You Get Who You Play For


It’s true. Programming causes minority audiences the same way it causes people of any kind to become listeners.

People who visit public radio seek the values imbued in its programming. This is every bit as true for public radio’s minority listeners – who are more like other listeners than their families and friends who don’t listen.

That’s a significant statement. Because it reminds us that listeners are best understood by what draws them to us – and not by where they come from.

Two distinct programming, distribution, and policy strategies draw them to us – the strategy to transcend distinctions of racial and ethnic heritage, and the strategy to target them.

Today the strategy to transcend serves more minority Americans than does the strategy to target. However, the success of each strategy must be assessed in its own terms.


The Strategy to Transcend

College education is the single most defining characteristic of public radio’s audience. We often forget, ignore, or misinterpret this fact when we assess our public service to minority listeners.

Do minority listeners use public radio? Yes, they do. Like American citizens in the majority, those who have been to college are far more likely than others to listen to public radio’s dominant program services.

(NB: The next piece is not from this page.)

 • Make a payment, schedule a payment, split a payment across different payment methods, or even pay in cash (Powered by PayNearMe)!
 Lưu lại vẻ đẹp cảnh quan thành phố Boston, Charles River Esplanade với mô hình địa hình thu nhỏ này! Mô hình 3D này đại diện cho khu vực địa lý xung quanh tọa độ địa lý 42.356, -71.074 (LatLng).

Are minority listeners represented in the same proportions that they exist in the general population? No, they aren’t. Radio doesn’t work that way. Each radio station must serve a demographic segment of society – a niche – if it is to compete in the highly fragmented medium. So by definition, no station’s audience can or should "represent" the entire population.

Do we expect minority listeners to be under-represented? Yes we do. When gauged against the general population, minority listening to public radio reflects long-standing educational inequities that are still being overcome. But these disparities diminish significantly when minority listening is gauged against the college educated minority population.

Is this what we want? Well, it’s what we set out to do 30 years ago – to provide a beacon of public service that places character over color.

The character of this beacon is transcendent. It transcends geography with a "sense of community" engendered across vast physical distance. It transcends age and sex. And by operating in the enlightened dimension of education’s values and attitudes, it transcends color through its very indifference to it.


The Strategy to Target

Most public radio stations employ the strategy to transcend. But some of the more than 600 stations seek to serve minority listeners by opening additional doors to them.

Far from transcending racial and ethnic distinctions, these stations target them directly by defining their service, their niche, and their audience in terms of race, ethnicity, and/or languages other than English.

Do minority listeners use these stations? Yes, in great concentrations – albeit not always in great numbers.

Are minority listeners represented in the same proportions as in the general population? No, they’re over-represented, for reasons already stated.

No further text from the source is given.